Ermittlungsverfahren gegen Gynäkologen

Verteidiger: keine Einstellung gegen Geldleistung

Berlin - 04.12.2012, 11:57 Uhr


Seit einigen Monaten ermittelt die Staatsanwaltschaft Wuppertal gegen rund 600 Gynäkologen, die in Deutschland nicht zugelassenes Depocon® an Patientinnen abgegeben und damit gegen das Arzneimittelgesetz verstoßen haben sollen. Ein Verteidiger fordert nun die Einstellung mangels Beweisen: Das im Raum stehende Geschehen sei nicht strafbar, erklärt er gegenüber DAZ.online. Die Staatsanwaltschaft prüft den Antrag.

Die Staatsanwaltschaft Wuppertal, die das Ermittlungsverfahren führt, hatte den betroffenen Ärzten angeboten, das Verfahren gegen Geldleistung einzustellen (§ 153a StPO). In einer rechtlichen Stellungnahme erklärt der Nürnberger Anwalt nun, die Staatsanwaltschaft vertrete eine falsche Rechtsauffassung. Zutreffend sei, dass die vom Pharmahersteller Sigma gelieferten Arzneimittel im Zweifel zum Selbstkostenpreis an die Patientinnen weitergegeben worden seien. Gerade das belege jedoch, dass sich die Ärztinnen und Ärzte „steuerrechtlich korrekt verhielten und verhalten wollten“. Daher könne man ihnen wohl kaum pauschal vorwerfen, sich „in den rechtlich auch für Juristen nur schwer zugänglichen Feinheiten des AMG nicht auszukennen“.

Entgegen der Annahme der Staatsanwaltschaft sei die Anwendung der Kontrazeptiva bei den Patientinnen jedoch nicht strafbar. Nach § 95 Abs. 1 Nr. 4 AMG wird mit Freiheitsstrafe bis zu drei Jahren oder Geldstrafe bestraft, wer mit Arzneimitteln, die nur auf Verschreibung an Verbraucher abgegeben werden dürfen, Handel treibt oder diese Arzneimittel abgibt. Ein solches „Handeltreiben“ liegt aus Sicht des Anwalts jedoch nicht vor, denn „die Verabreichung apothekenpflichtiger Arzneimittel in Arztpraxen fällt niemals unter die Apothekenpflicht“, erklärt er. Vielmehr handle es sich vorliegend um ein zulässiges Vorrätighalten von Arzneimitteln für die unmittelbare Anwendung – und diese fielen schon nicht unter die Apothekenpflicht.
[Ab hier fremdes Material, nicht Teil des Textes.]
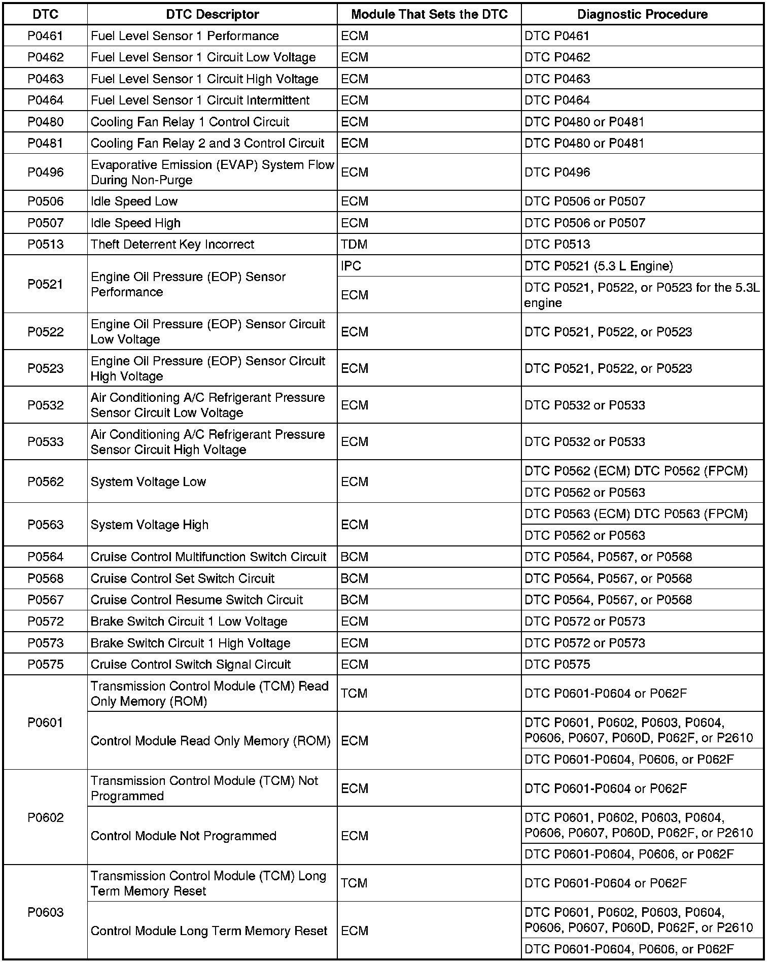 P0461 - P0603:
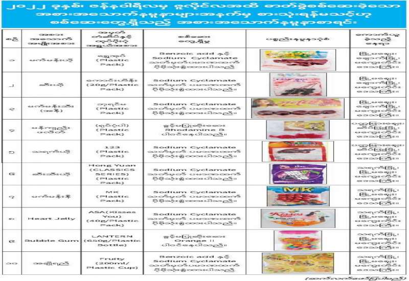 ၂၀၂၂ ခုနှစ်၊ ဇန်နဝါရီလမှ ဇူလိုင်လအထိ ဓာတ်ခွဲစစ်ဆေးခဲ့သော အစားအသောက်နမူနာများအနက်မှ စားသုံးရန်မသင့်ဟု စစ်ဆေးတွေ့ရှိသည့် အစားအသောက်နမူနာစာရင်း

Selbst wenn man vorliegend davon ausgehen würde, ein Handeltreiben könne prinzipiell auch dann vorliegen, wenn ein Arzneimittel durch einen Arzt appliziert werde, fehle es vorliegend am erzielten Gewinn, heißt es in der Stellungnahme weiter. Denn die Kontrazeptiva seien zum Selbstkostenpreis weitergegeben worden. Den von der Staatsanwaltschaft aufgeworfenen Gedanken, wonach in bestimmten Konstellationen auch ohne erzielten Gewinn ein Handeltreiben angenommen werden soll, lehnt der Verteidiger ebenfalls ab: Es sei eine „lebensferne Unterstellung, zu behaupten, eine Patientin bevorzuge einen bestimmen Frauenarzt oder eine bestimmte Frauenärztin deshalb, weil dort Kontrazeptiva günstiger zu erwerben seien, als in einer Apotheke“.

Bei der Staatsanwaltschaft Wuppertal sieht man dies bekanntlich anders: Wie Oberstaatsanwalt Wolf-Tilman Baumert gegenüber DAZ.online erklärt, werde die Stellungnahme des Anwalts vom zuständigen Richter derzeit geprüft. „Bislang sieht er allerdings nicht, dass seine Rechtsauffassung falsch ist“, so Baumert. In der Zwischenzeit hätten sich weitere Ärzte Anwälte genommen. Die Zahl derer, die die Verfahrenseinstellung gegen Geldleistung akzeptierten, steige jedoch stetig. Somit bleibt abzuwarten, ob es letztlich doch zu einem gerichtlichen Strafverfahren kommen wird.